Exercise inputs:
=== Begin Enclosure ===

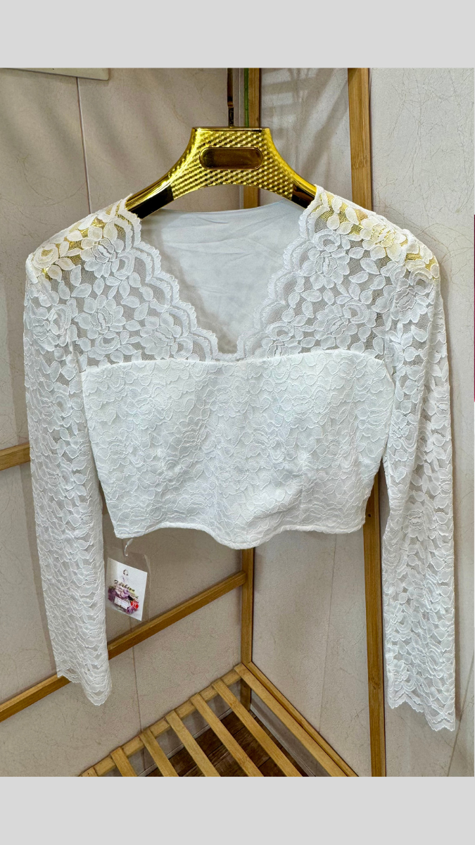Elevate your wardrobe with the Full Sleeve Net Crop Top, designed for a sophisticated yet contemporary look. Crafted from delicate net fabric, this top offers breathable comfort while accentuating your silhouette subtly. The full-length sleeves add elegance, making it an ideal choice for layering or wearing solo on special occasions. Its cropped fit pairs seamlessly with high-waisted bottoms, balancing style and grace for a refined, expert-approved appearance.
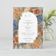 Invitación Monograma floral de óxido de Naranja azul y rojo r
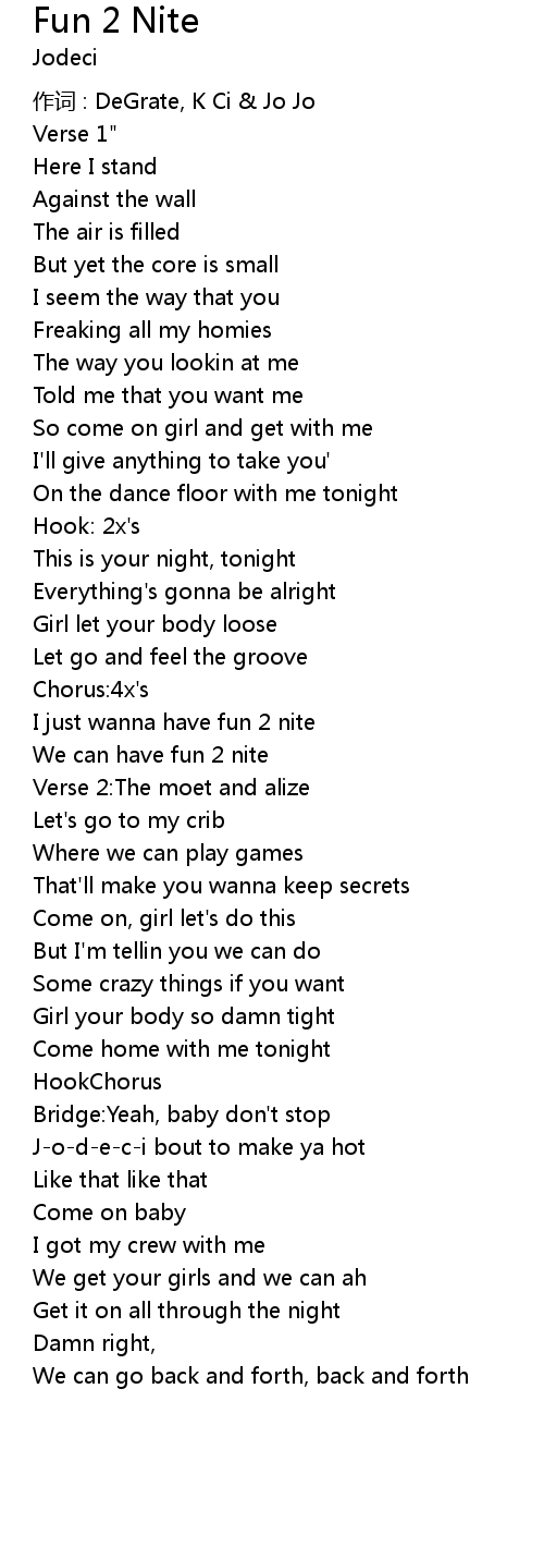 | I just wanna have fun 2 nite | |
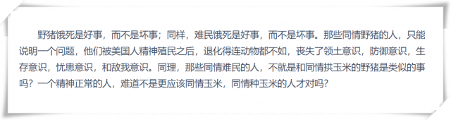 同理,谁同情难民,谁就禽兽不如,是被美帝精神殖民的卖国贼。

=== End Enclosure ===
=== Begin Enclosure ===

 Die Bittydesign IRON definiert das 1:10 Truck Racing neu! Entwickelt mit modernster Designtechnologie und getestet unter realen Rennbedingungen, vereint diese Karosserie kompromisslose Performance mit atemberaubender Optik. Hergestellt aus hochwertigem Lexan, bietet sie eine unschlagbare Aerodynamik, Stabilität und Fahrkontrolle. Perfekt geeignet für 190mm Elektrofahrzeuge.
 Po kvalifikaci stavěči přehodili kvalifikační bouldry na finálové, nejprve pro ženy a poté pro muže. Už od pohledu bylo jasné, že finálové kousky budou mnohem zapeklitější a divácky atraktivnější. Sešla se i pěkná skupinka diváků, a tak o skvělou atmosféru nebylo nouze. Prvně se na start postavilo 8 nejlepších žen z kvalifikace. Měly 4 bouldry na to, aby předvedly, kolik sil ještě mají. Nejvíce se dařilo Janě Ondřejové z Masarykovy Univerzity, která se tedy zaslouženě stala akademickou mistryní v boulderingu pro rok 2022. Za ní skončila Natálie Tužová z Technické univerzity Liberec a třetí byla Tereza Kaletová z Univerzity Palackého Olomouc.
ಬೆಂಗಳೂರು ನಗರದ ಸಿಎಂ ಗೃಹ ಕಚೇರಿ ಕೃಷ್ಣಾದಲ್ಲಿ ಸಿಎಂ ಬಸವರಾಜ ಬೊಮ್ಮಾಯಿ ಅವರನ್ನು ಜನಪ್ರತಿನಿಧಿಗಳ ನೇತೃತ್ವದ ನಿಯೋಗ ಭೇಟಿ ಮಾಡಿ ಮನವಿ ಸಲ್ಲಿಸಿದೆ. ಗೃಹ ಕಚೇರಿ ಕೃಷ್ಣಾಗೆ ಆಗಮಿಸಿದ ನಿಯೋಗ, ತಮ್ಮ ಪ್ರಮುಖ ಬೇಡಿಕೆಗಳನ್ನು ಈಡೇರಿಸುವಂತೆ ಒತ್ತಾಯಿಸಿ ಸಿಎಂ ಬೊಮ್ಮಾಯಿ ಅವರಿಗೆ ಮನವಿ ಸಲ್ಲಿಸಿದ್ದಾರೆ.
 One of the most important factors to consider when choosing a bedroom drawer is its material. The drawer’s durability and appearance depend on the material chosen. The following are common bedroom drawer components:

=== End Enclosure ===

Working from the data above, repeat exactly, and only, the lines that begin at the line containing "Elevate your wardrobe" and stop after the line containing "同理,谁同情难民,谁就禽兽不如,是被美帝精神殖民的卖国贼。"; pictures are not copied.

Answer to the exercise:
Elevate your wardrobe with the Full Sleeve Net Crop Top, designed for a sophisticated yet contemporary look. Crafted from delicate net fabric, this top offers breathable comfort while accentuating your silhouette subtly. The full-length sleeves add elegance, making it an ideal choice for layering or wearing solo on special occasions. Its cropped fit pairs seamlessly with high-waisted bottoms, balancing style and grace for a refined, expert-approved appearance.
 Invitación Monograma floral de óxido de Naranja azul y rojo r
 | I just wanna have fun 2 nite | |
 同理,谁同情难民,谁就禽兽不如,是被美帝精神殖民的卖国贼。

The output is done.